Making a Museum: Getting Started

By Kalyse Houston, 2022 Clay Preservation Scholar, Prairie View A&M University

Walking into a museum is a transformative experience. Depending on which museum you enter, you may be transported to a different decade, century, state or even a completely different country. Each room is a different world and each turn is a different experience. The closest thing we have in this modern world to time travel are our museums. But who are the architects of these experiences and how did these places come to be? The best way to tackle these large questions is to bring them down to a smaller scale and start at the beginning.

There’s a large process that takes place between the full-fledged museum experience that the public sees, and the work and preparation behind the scenes to set up that encounter. The efforts are seldom seen or even considered. But to a certain degree, that’s a good thing. You wouldn’t want an immersive experience to take you out of that moment. As a 2022 Preservation Scholar, I have the honor of going behind the scenes at the San Felipe de Austin State Historic Site.

Portrait of Kalyse Houston

Before I get too ahead of myself, allow me to make the proper introductions. My name is Kalyse Houston and I am a 21 year old from Houston, Texas. I’m a senior history major and art minor at my illustrious HBCU, Prairie View A&M University! I’ve worked for the history department as a student researcher since my freshman year under Dr. Marco Robinson with the assistance and guidance of Ms. Phyllis Earles and Dr. Melanye Price. I would not be where I am without these instrumental people. Under their supervision and direction, I have had the opportunity to conduct research, attend and present at symposiums, and even travel within this researcher position.

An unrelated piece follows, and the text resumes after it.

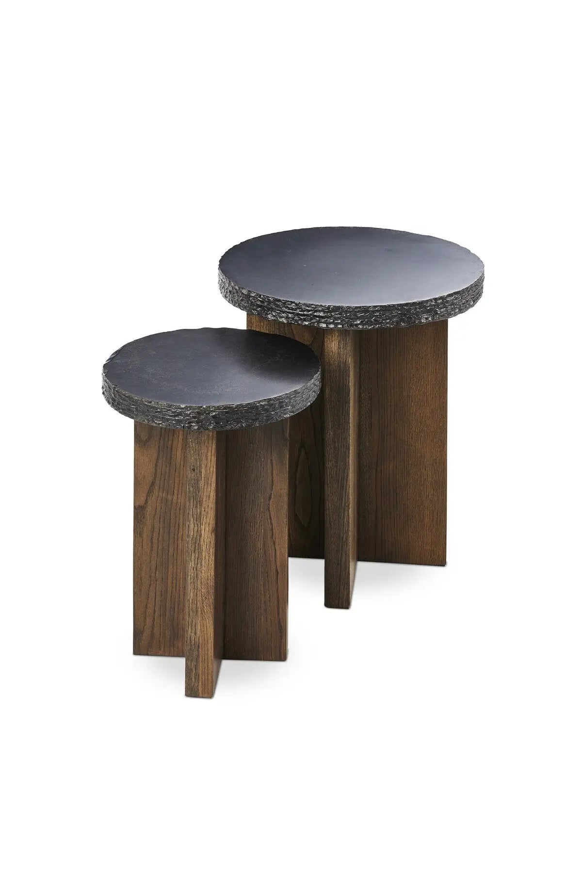 Meet the Mezes Nesting End Table Set. Natural elements and architectural inspiration, captured in a pair of nesting end tables. Rounded basalt tabletops rest on intersecting oak planes in this statement-making pair that lends form and function to the living space.

One fateful day Ms. Earles told me about this internship opportunity, the Preservation Scholars, and recommended the opportunity to me. Then Dr. Robinson followed suit and recommended it to me as well. Then, as gently as a brick, they continued to recommend this opportunity and tell me about the Preservation Scholars Program. I believe they were adamant about this position because of the opportunity of becoming this year's Clay Scholar. The Matthew Honer and Larutha Odom Clay Preservation Scholars Endowment, created in memory of Larutha M. Odom Clay, provides a stipend to a Prairie View A&M University student intern. This guarantees one student from PVAMU the privilege of obtaining an internship. I applied, was interviewed, and was then accepted as this year's Clay Scholar!

Panoramic view of a wooden museum building with a statue of an early Texas family in front

The majority of my work here is within the Historic Sites Division at San Felipe de Austin State Historic Site assisting in exhibit development. My work as the exhibit-support on projects at San Felipe de Austin includes research and planning for storylines, object preparation, such as labels, context, etc, archival support, and general research and support for upcoming temporary gallery installations and film projects. This all comes together to help me become a well-rounded museum person, well versed in all that it takes to put a museum together. Then I will reflect on experiences here as part of the Communications Division.

Panoramic view of museum exhibits about early 1800s Texas

So far I’ve done a lot of foundational work starting with my very own archival box! For this work I process files, create a finding guide, and rehouse files. Not the most exciting work but still very important. I also did light readings on all the artifacts. That’s when you see how much light hits an object. This is important because if there’s too much light on an object it can lead to its destruction. I did research, got to scope the museum and the grounds, and explored photo scanning for my first field trip to TSLAC.

TSLAC, or the Texas State Library and Archives Commission, was a great experience. From newspaper articles from the 1940s to the Texas Planning Bulletins from the 1930s there were boxes full of amazing and interesting history. There was also a very long and exhausting box on highways and bridges. The people of the 1940s were very passionate about those bridges! Luckily, they got their bridge.

I’m very excited to continue on this journey and highlight my experiences. I know that this internship will provide me with an amazing foundation and I’m grateful for the opportunity.